## Directions
An exact copy of the lines from the top of the data through the line with "முதல் நாள் தொடக்க" is what you should give, with no pictures in it.

## Available data
□ □ □ □

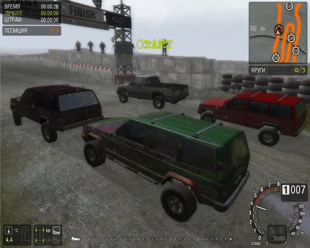 Тюнинг в игре присутствует не для галочки, можно усилить кузов автомобиля, добавить лошадок и проходимости, кстати, к тюнингу нужно подходить разумно, не всегда самое дорогое значит самое лучшее. Для скоростных заездов желательно прокачать двигатель по полной, а в триалах и ориентировании двигатель лучше оставить как есть, так как автомобиль с мощным движком будет пробуксовывать. Кроме тюнинга двигателя в игре присутствует выбор покрышек и настройка подвески.
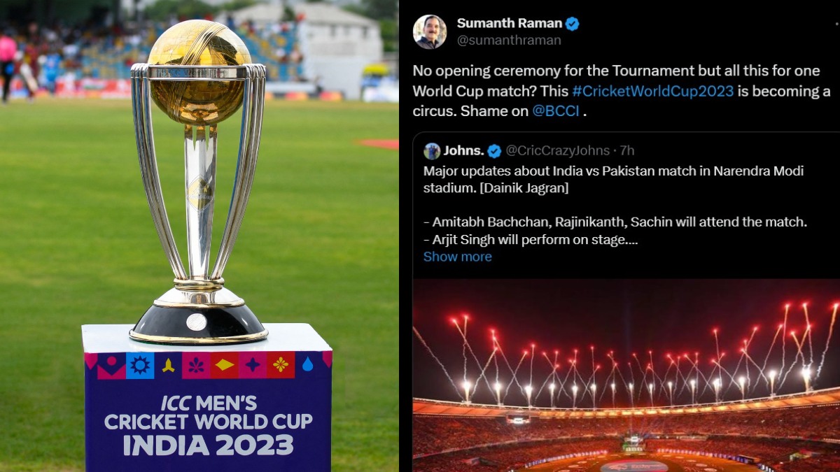 முதல் நாள் தொடக்க விழா நடத்தாமல் இப்போது நடத்துவதை விமர்சனம் செய்துள்ளனர். இதை கிண்டல் செய்துள்ள கிரிக்கெட் விமர்சகர் சுமந்த் சி ராமன், தொடருக்கான தொடக்க விழா நடத்தப்படவில்லை. ஆனால் ஒரே ஒரு உலக கோப்பை போட்டிக்கு இதெல்லாம் தேவையா? இந்த #CricketWorldCup2023 சர்க்கஸாக மாறி வருகிறது. பிசிசிஐ அமைப்பை நினைத்தால் அசிங்கமாக இருக்கிறது என்று சுமந்த் சி ராமன் கூறியுள்ளார்.
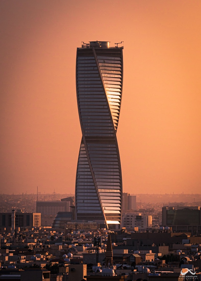 هذه اللوحة بعدسة المصوّر تركي الودعاني، توثق لحظة ذهبية من ساعات الصباح الأولى في قلب العاصمة السعودية. يظهر برج مجدول ملتفًا حول نفسه كتحفة معمارية فريدة، بينما يلامس الضوء الشمسي واجهته الزجاجية فيكشف عن تفاصيله الدقيقة، وكأنه يتنفس الحياة مع بداية يوم جديد.
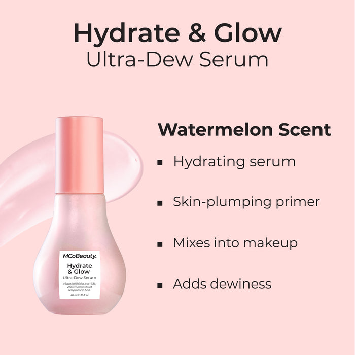 MCoBeauty HYDRATE & GLOW ULTRA_DEW SERUM is a 3-in-1 skincare-makeup infusion to instantly enhance a radiant looking complexion. The lightweight, non-sticky gel-serum seamlessly absorbs into skin for a lit-from-within dewy finish without any shimmer or mica. Infused with skin-loving ingredients, including Niacinamide to refine skin texture, even out skin tone, and minimise the appearance of blemishes, plus Watermelon Extract & Hyaluronic Acid to brighten skin and keep it looking plump, hydrated and bouncy. Use this versatile serum alone, as part of your skincare routine, or as a primer before makeup. You can even mix it with your favourite skincare or makeup products for a customisable, glassy skin glow. Designed for normal to dry skin, instantly elevates instantly elevate your daily beauty routine with this luxuriously hydrating serum, enhanced with a delicious, skin quenching watermelon scent.

□ □ □ □

## Solution below
 Тюнинг в игре присутствует не для галочки, можно усилить кузов автомобиля, добавить лошадок и проходимости, кстати, к тюнингу нужно подходить разумно, не всегда самое дорогое значит самое лучшее. Для скоростных заездов желательно прокачать двигатель по полной, а в триалах и ориентировании двигатель лучше оставить как есть, так как автомобиль с мощным движком будет пробуксовывать. Кроме тюнинга двигателя в игре присутствует выбор покрышек и настройка подвески.
 முதல் நாள் தொடக்க விழா நடத்தாமல் இப்போது நடத்துவதை விமர்சனம் செய்துள்ளனர். இதை கிண்டல் செய்துள்ள கிரிக்கெட் விமர்சகர் சுமந்த் சி ராமன், தொடருக்கான தொடக்க விழா நடத்தப்படவில்லை. ஆனால் ஒரே ஒரு உலக கோப்பை போட்டிக்கு இதெல்லாம் தேவையா? இந்த #CricketWorldCup2023 சர்க்கஸாக மாறி வருகிறது. பிசிசிஐ அமைப்பை நினைத்தால் அசிங்கமாக இருக்கிறது என்று சுமந்த் சி ராமன் கூறியுள்ளார்.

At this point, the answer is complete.